Task requirements - Would you repeat the entries below word for word and omit the pictures?

Records drawn from a dataset:
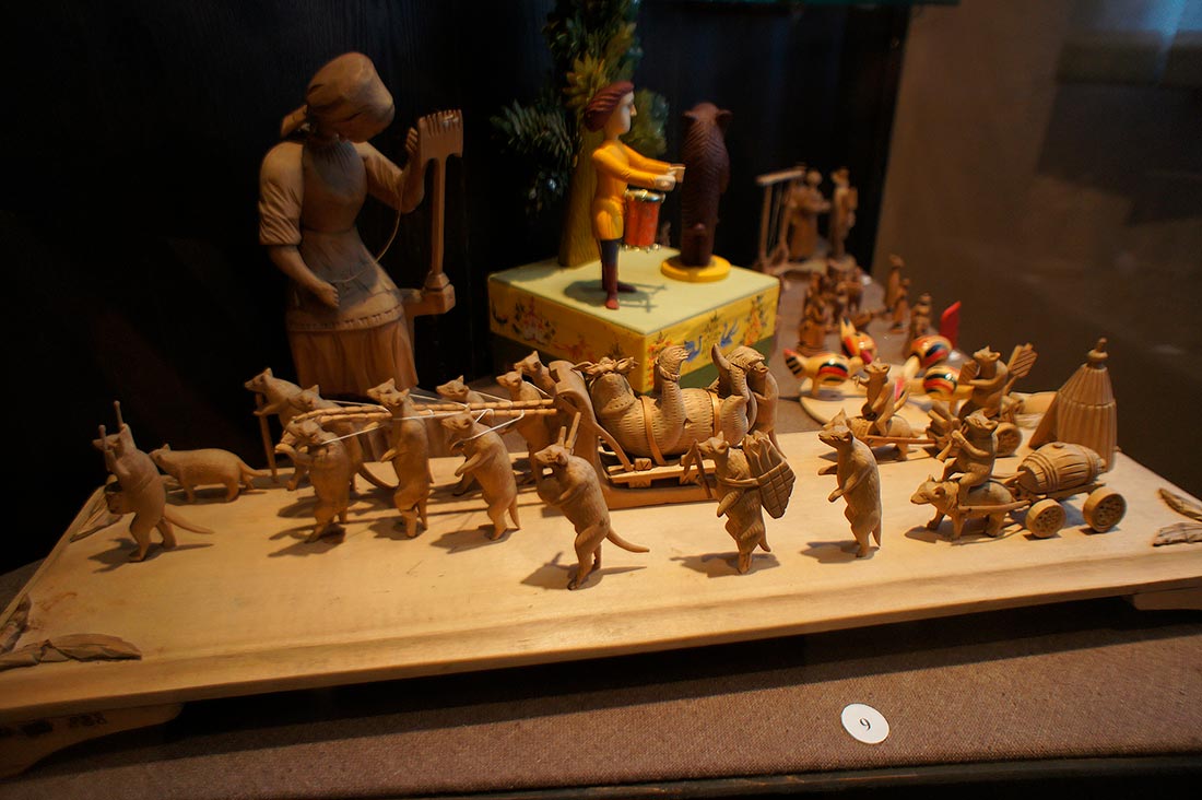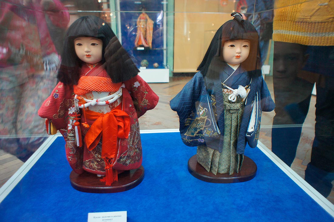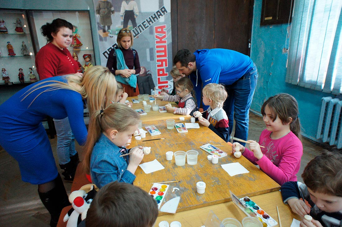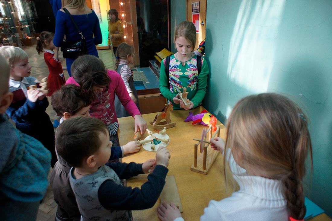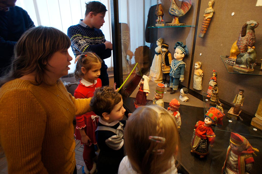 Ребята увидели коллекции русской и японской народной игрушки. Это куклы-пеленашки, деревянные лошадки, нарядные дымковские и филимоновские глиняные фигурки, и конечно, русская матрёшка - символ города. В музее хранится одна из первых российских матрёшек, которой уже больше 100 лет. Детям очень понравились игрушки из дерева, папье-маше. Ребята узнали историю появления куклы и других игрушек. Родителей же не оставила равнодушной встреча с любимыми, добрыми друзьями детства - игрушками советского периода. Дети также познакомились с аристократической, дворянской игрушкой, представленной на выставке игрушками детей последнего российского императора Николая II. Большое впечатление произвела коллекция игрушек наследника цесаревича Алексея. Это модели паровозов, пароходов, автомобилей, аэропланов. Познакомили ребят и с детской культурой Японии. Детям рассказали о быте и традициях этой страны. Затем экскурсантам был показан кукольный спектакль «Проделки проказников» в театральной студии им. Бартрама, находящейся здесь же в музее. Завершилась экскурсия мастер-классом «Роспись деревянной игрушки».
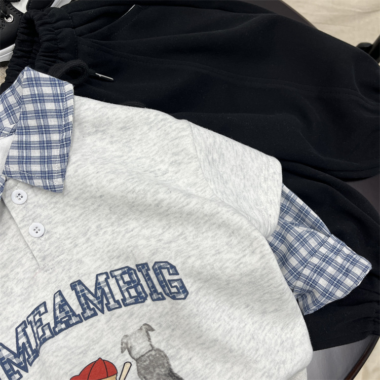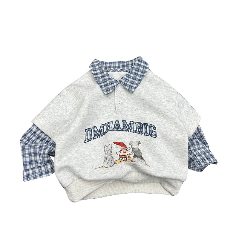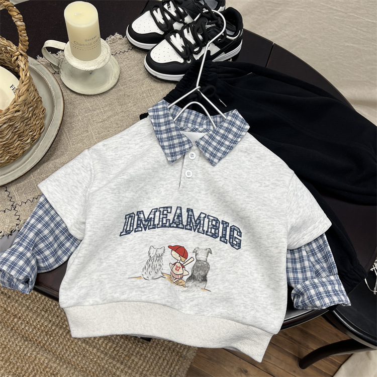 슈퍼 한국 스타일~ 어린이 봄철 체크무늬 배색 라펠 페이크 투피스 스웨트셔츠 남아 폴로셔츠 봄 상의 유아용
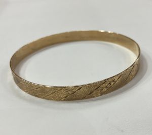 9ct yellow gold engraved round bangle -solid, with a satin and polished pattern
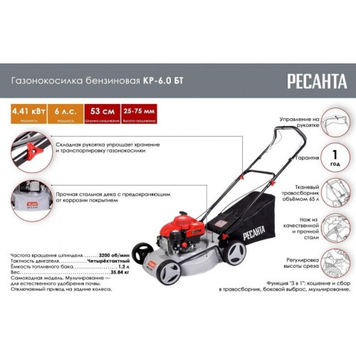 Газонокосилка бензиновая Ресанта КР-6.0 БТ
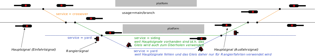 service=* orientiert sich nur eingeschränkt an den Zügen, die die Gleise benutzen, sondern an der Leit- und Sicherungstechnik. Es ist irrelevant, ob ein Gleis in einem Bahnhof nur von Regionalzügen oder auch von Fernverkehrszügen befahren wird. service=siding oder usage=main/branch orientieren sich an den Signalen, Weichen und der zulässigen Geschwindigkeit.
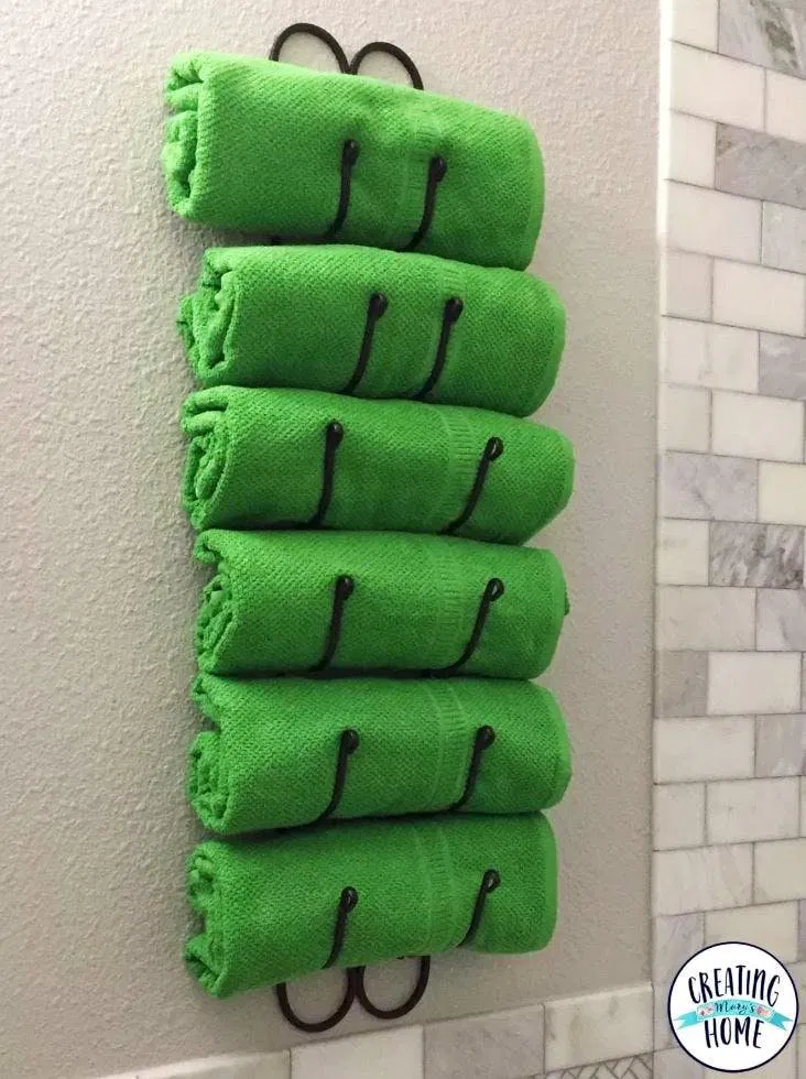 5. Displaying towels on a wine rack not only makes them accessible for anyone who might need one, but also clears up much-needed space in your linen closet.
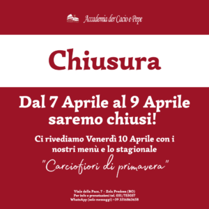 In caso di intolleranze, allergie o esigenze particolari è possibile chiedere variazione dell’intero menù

Output of the task -
 Ребята увидели коллекции русской и японской народной игрушки. Это куклы-пеленашки, деревянные лошадки, нарядные дымковские и филимоновские глиняные фигурки, и конечно, русская матрёшка - символ города. В музее хранится одна из первых российских матрёшек, которой уже больше 100 лет. Детям очень понравились игрушки из дерева, папье-маше. Ребята узнали историю появления куклы и других игрушек. Родителей же не оставила равнодушной встреча с любимыми, добрыми друзьями детства - игрушками советского периода. Дети также познакомились с аристократической, дворянской игрушкой, представленной на выставке игрушками детей последнего российского императора Николая II. Большое впечатление произвела коллекция игрушек наследника цесаревича Алексея. Это модели паровозов, пароходов, автомобилей, аэропланов. Познакомили ребят и с детской культурой Японии. Детям рассказали о быте и традициях этой страны. Затем экскурсантам был показан кукольный спектакль «Проделки проказников» в театральной студии им. Бартрама, находящейся здесь же в музее. Завершилась экскурсия мастер-классом «Роспись деревянной игрушки».
 슈퍼 한국 스타일~ 어린이 봄철 체크무늬 배색 라펠 페이크 투피스 스웨트셔츠 남아 폴로셔츠 봄 상의 유아용
 9ct yellow gold engraved round bangle -solid, with a satin and polished pattern
 Газонокосилка бензиновая Ресанта КР-6.0 БТ
 service=* orientiert sich nur eingeschränkt an den Zügen, die die Gleise benutzen, sondern an der Leit- und Sicherungstechnik. Es ist irrelevant, ob ein Gleis in einem Bahnhof nur von Regionalzügen oder auch von Fernverkehrszügen befahren wird. service=siding oder usage=main/branch orientieren sich an den Signalen, Weichen und der zulässigen Geschwindigkeit.
 5. Displaying towels on a wine rack not only makes them accessible for anyone who might need one, but also clears up much-needed space in your linen closet.
 In caso di intolleranze, allergie o esigenze particolari è possibile chiedere variazione dell’intero menù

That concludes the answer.